Let me show you what I learned.

The Naive Approach: Cron Jobs

Our pipeline started with cron jobs. Simple, right?

# crontab
0 2 * * * /scripts/run_source.sh
5 2 * * * /scripts/run_staging.sh
10 2 * * * /scripts/run_snapshots.sh
15 2 * * * /scripts/run_intermediate.sh
20 2 * * * /scripts/run_marts.sh
Enter fullscreen mode Exit fullscreen mode

Each job runs 5 minutes after the previous one. Plenty of time, right?

What could go wrong?

Everything.

Scenario 1: The source job takes 7 minutes instead of 4. The staging job starts before source finishes. Chaos.

Scenario 2: The intermediate job fails. The marts job runs anyway, using stale data. Nobody notices for three days.

Scenario 3: You need to rerun just the marts layer. You have to manually figure out which script to run and in what order.

Scenario 4: Someone asks "when did this job last run successfully?" You grep through logs for 20 minutes.

Cron jobs work for simple tasks. For data pipelines? They're a disaster waiting to happen.

Enter Dagster: Asset-Centric Orchestration

Switching to Dagster changed everything for us. Not because Dagster is magic, but because it forced me to think about data, not tasks.

Here's the mental shift: Instead of "run this script, then that script," you think "this data depends on that data."

Let me show you what this looks like in practice:

@asset(group_name="ingestion")
def customers_raw(context):
    """Ingest customer data from CSV"""
    df = pd.read_csv("data/customers.csv")
    return df

@asset(deps=[customers_raw])  # Wait for customers_raw
def dbt_transformations(context, dbt):
    """Run all DBT models"""
    dbt.cli(["build"], context=context)

@asset(deps=[dbt_transformations])  # Wait for transformations
def account_summary_csv(context):
    """Export results to CSV"""
    # Read from database and export
Enter fullscreen mode Exit fullscreen mode

Notice what's different? We're not saying "run at 2:05 AM." We're saying "this asset depends on that asset."

Dagster figures out the order. If customers_raw fails, dbt_transformations doesn't run. If dbt_transformations fails, account_summary_csv doesn't run. The failure stops propagating.

The Asset Lineage View

Here's where Dagster really shines. You get a visual graph of your entire pipeline:

customers_raw ──┐
                ├──> dbt_transformations ──> account_summary_csv
accounts_raw ───┘                       └──> account_summary_parquet
                                        └──> data_quality_report
Enter fullscreen mode Exit fullscreen mode

This isn't just pretty. It's functional. Click on any asset and you see:

  • When it last ran
  • How long it took
  • What data it produced
  • What depends on it
  • The full logs

That 3 AM debugging session? Would have taken 2 minutes instead of 20 with this visibility.
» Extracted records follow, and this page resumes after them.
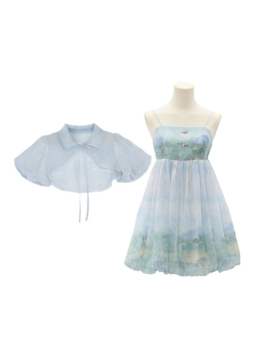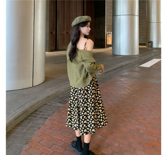 Spaghetti Strap Floral Print Midi A-Line Dress / V-Neck Plain Cardigan kk23
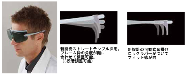 | 仕様 | めがね併用可能、エラストマークッション、テンプル角度調節可能 |
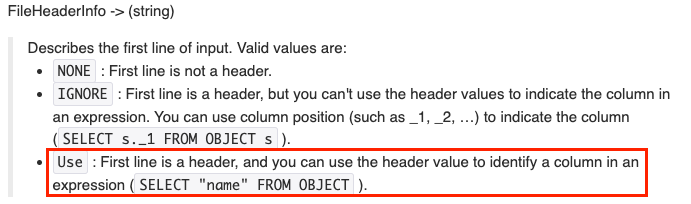 # FileHeaderInfo": "USE" 사용 시
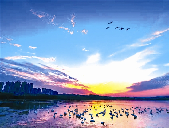 12月27日傍晚,晚霞映紅了209國道旁的天鵝湖。白天鵝或在結冰的湖面上悠閑散步、嬉戲打鬧,或凌空翱翔,與滿天霞光交相輝映,構成一幅靜謐的“天鵝湖冬景圖”。 麻新利 攝
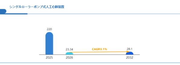 Global Reports調査チームの最新レポート「グローバルシングルローラーポンプ式人工心肺装置市場規模、主要企業シェア、ランキング分析レポート【2026年版】」によると、2026年の23.34百万米ドルから2032年には28.1百万米ドルに成長し、2026年から2032年の間にCAGRは3.1%になると予測されています。
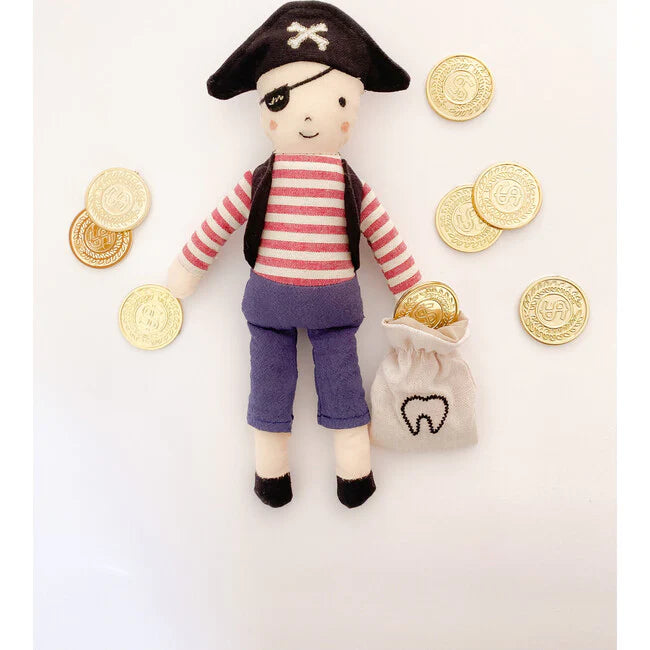 Haz aun más especial ese momento tan esperado en la vida de tus hijos con este muñequito de pirata con un bolsita para guardar su diente cuando se le caiga. Este amigable pirata mantendrá su diente seguro durante toda la noche y después podrá jugar e imaginar nuevas aventuras mientras esperan a que se caiga otro diente. Su diseño, calidad y telas son verdaderamente hermosas.
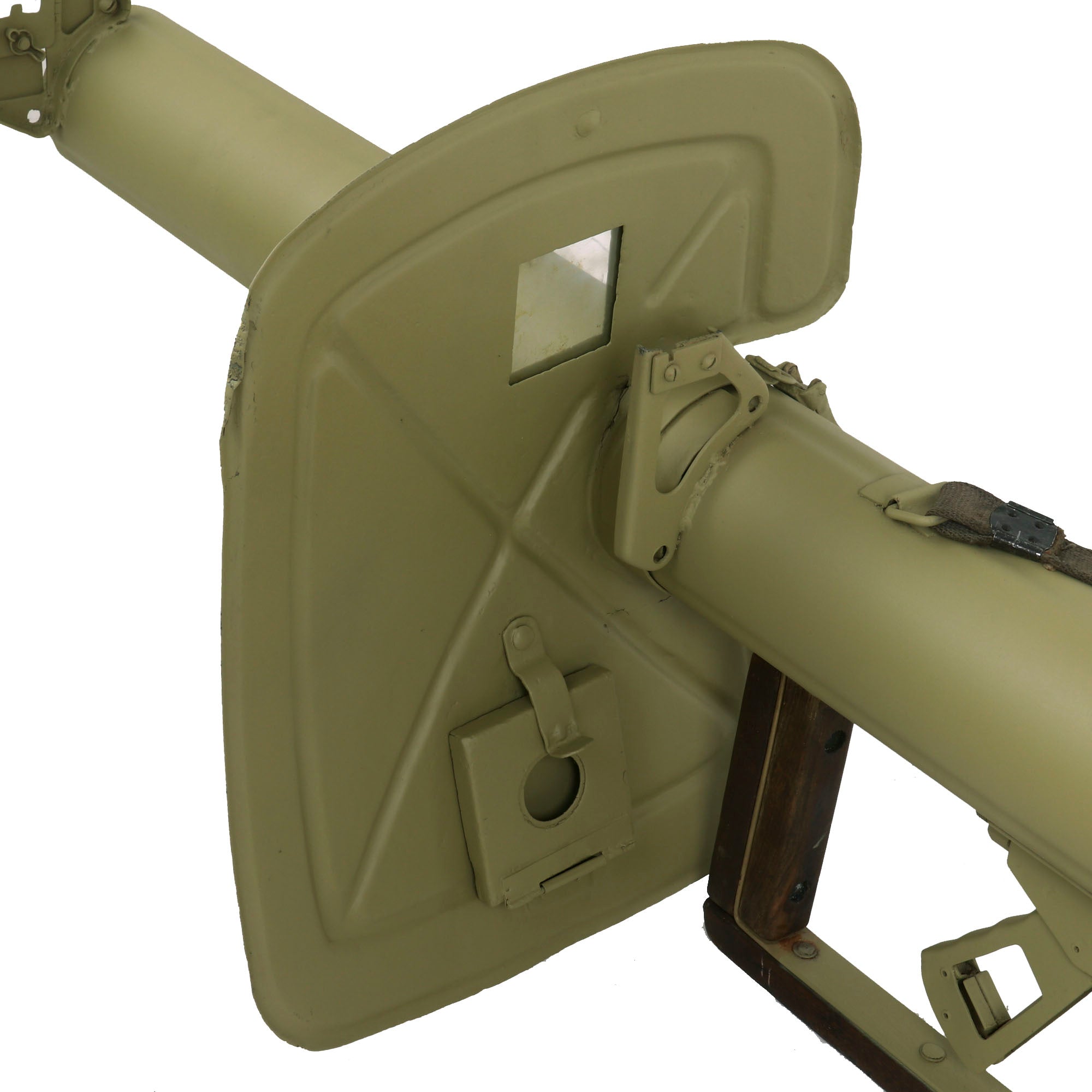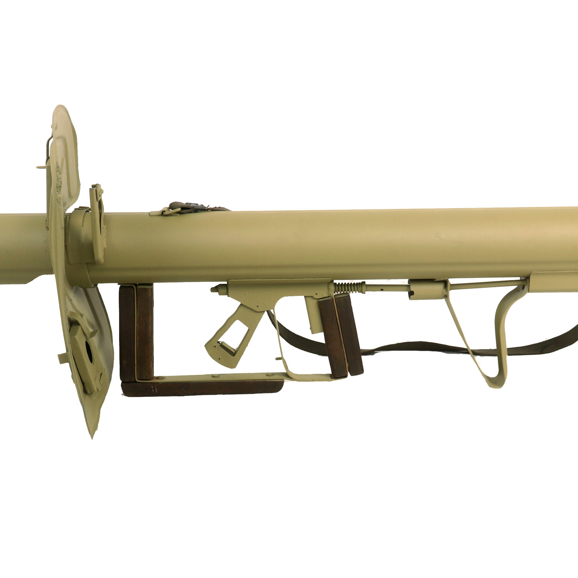 Our example is in excellent condition, all parts are present. It features an original "fluted" RPzB 54 barrel tube to increase strength, a complete original shield, complete original sights, original trigger assembly, original ignition system and has been deactivated to BATF specifications. The firing mechanism can still be cocked with the front lever, and released with the rear trigger, though it is a bit out of alignment so the cocking lever must be pulled back HARD. It has the original thick glass viewing window, though the spare glass is missing. There is even still an original fabric sling still installed on the top, though it is unmarked and may be post war.
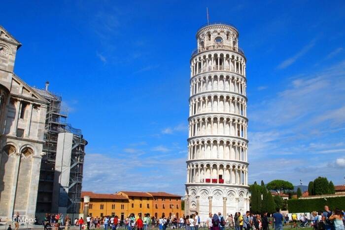 ピサの斜塔はわざと斜めに建設された訳ではなく、地盤沈下によるもの。塔の建設は1173年に始まりますが、12年後の1185年には地盤が沈下して既に傾き始めていたというのです。塔はこの時3階部分まで完成していましたが、傾きのため工事は一時中断。
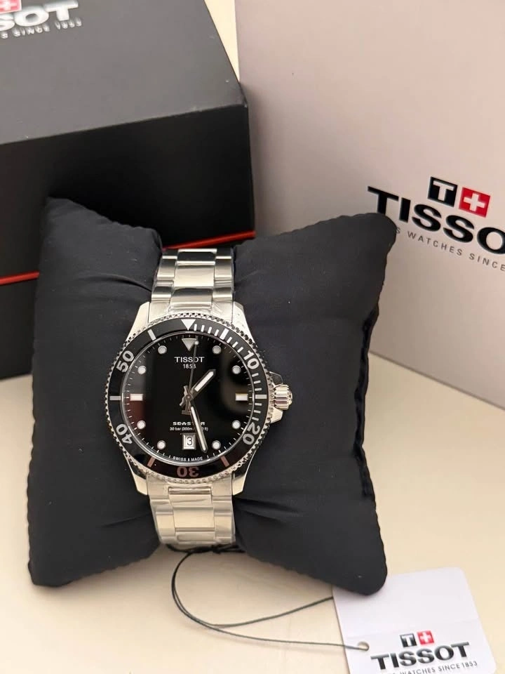 Brand new, never worn. 100% authentic Swiss-made dive-inspired watch sleek black dial and rugged build for daily wear or serious water use.
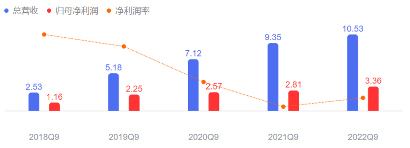 10月25日,帝尔激光发布2022年第三季度报告。据报告显示,公司前三季度营业收入为10.53亿元,同比增长12.65%;归属于上市公司股东的净利润为3.36亿元,同比增长19.52%。基本每股收益为1.98元。其中,第三季度实现营业收入3.88亿元,同比上涨16.07%;归母净利润1.2亿元,同比上涨16.24%。
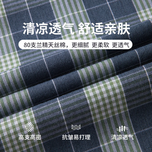 【天丝+精梳棉】新款中年男士格子短袖透气休闲衬衫时尚薄款衬衣
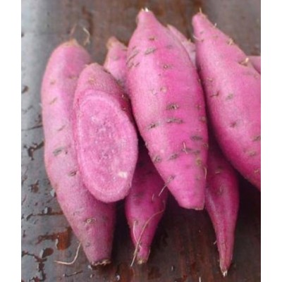 群紫一号:叶*形,复缺刻,叶色紫绿,顶叶紫红,茎、叶柄红色,叶柄长而粗,叶片大,产菜量大,叶菜美观好吃,营养价值高,有较好的菜用开发价值。该品种茎蔓粗短,分枝多,半直立生长。薯块纺缍型,烘干率28—30%,薯皮薯肉紫红色,熟后紫黑色,食味香甜,纤维少,富含*物质硒、碘等元素,适于蒸烤和薯类加工,开发前景好。该品种结薯早而集中,遗传了苏薯8号的高产早熟基因,早春覆膜栽培,8月份即可收刨,抢占市场,经济效益高。10月份收获的春薯,一般亩产3000—4000公斤,夏薯2500公斤左右。高抗茎线虫病、*,耐旱耐瘠薄,耐贮性好,萌芽性好,萌芽性强,是当前黑薯系列中综合性状较好的品种。种植密度:春薯3000株/亩,夏薯3500株/亩。
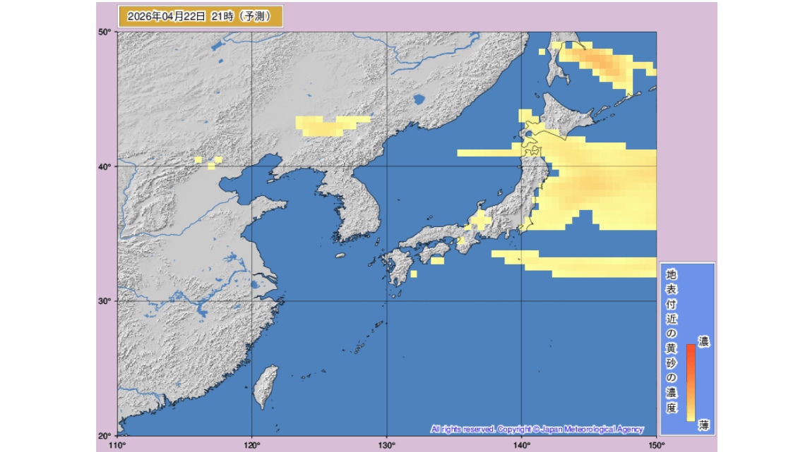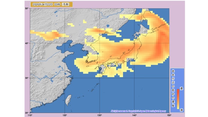【黄砂情報】21日から北日本から西日本の広い範囲で予想 濃度が濃い赤い部分も本州に 気象庁の「黄砂情報」シミュレーション 2026年4月20日(月) 11:19 国内 天気 22日(水)のシミュレーション
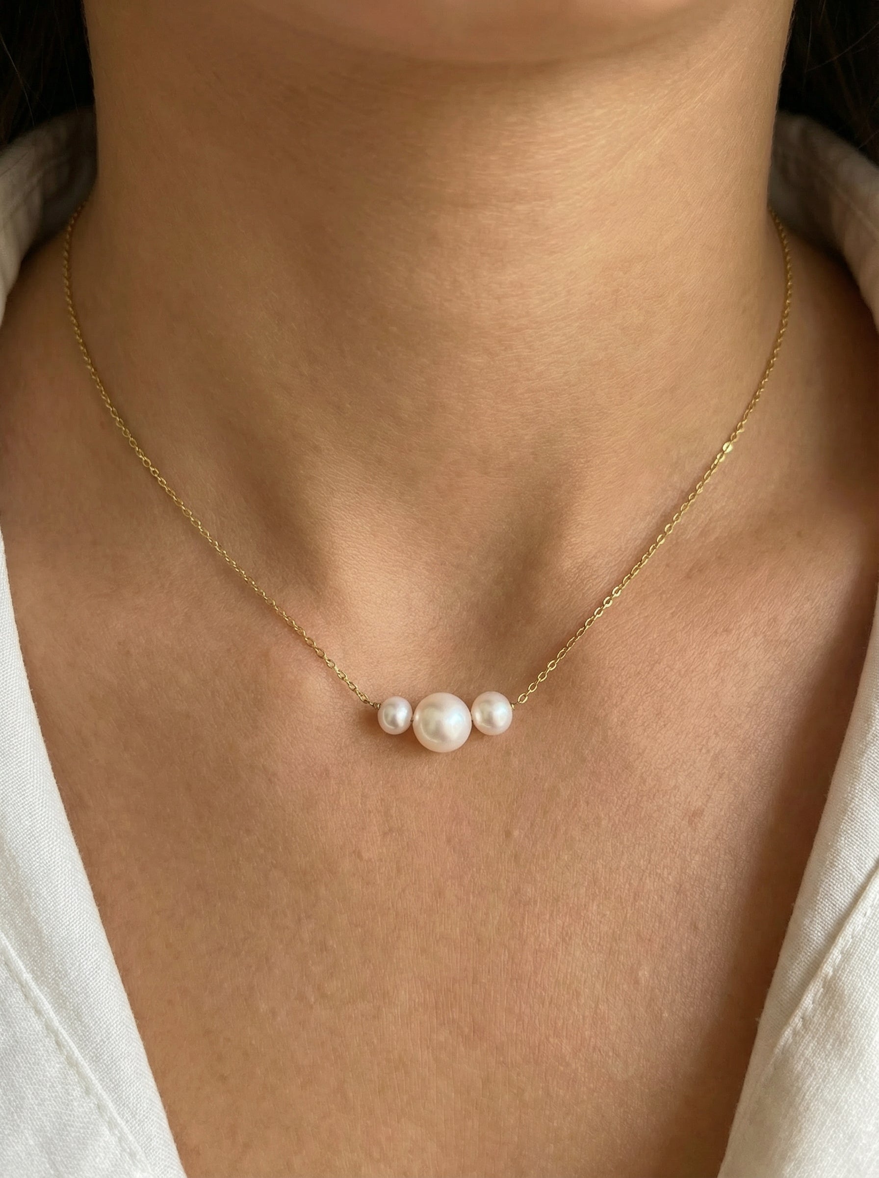 Κολιέ σε Κ14 ή Κ9 χρυσό με τρία φυσικά λευκά μαργαριτάρια τοποθετημένα σε αρμονική διάταξη «συννεφάκι».
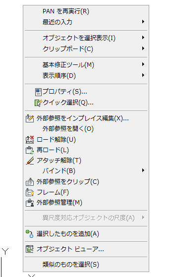 図 16: 外部参照オブジェクトのコンテキスト メニュー
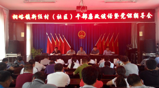 5月25日下午,桐峪镇在机关会议室召开新任村(社区)干部廉政谈话暨党课辅导会。桐峪镇党委书记杨宏亮、镇长王江涛、镇纪委书记刘中屏、全体机关干部及新当选的各村(社区)三委会委员、第一书记、党建指导员等参加会议。镇长王江涛主持会议。

Retry Logic: Because Things Fail

Networks timeout. Databases get overloaded. Cloud services have hiccups. I learned this during a Databricks outage last month.

Our pipeline failed. Then it retried. And succeeded. I didn't even know there was an outage until I checked the logs later.

Here's the retry strategy that saved us:

@asset(
    retry_policy=RetryPolicy(
        max_retries=3,
        delay=1,  # Start with 1 second
        backoff=Backoff.EXPONENTIAL  # Double each time
    )
)
def account_summary_to_databricks(context, databricks):
    """Load data to Databricks with retry logic"""

    for attempt in range(max_retries):
        try:
            # Attempt to load data
            databricks.load_data(df, "account_summary")
            return
        except ConnectionTimeout as e:
            if attempt < max_retries - 1:
                wait_time = delay * (2 ** attempt)  # Exponential backoff
                context.log.warning(f"Attempt {attempt + 1} failed, retrying in {wait_time}s")
                time.sleep(wait_time)
            else:
                raise
Enter fullscreen mode Exit fullscreen mode

First attempt fails: Wait 1 second, retry

Second attempt fails: Wait 2 seconds, retry

Third attempt fails: Wait 4 seconds, retry

Fourth attempt fails: Give up, alert humans

This pattern saved us during that outage. The first few attempts failed, but by the time the third retry happened, Databricks was back up. The pipeline succeeded without waking me up.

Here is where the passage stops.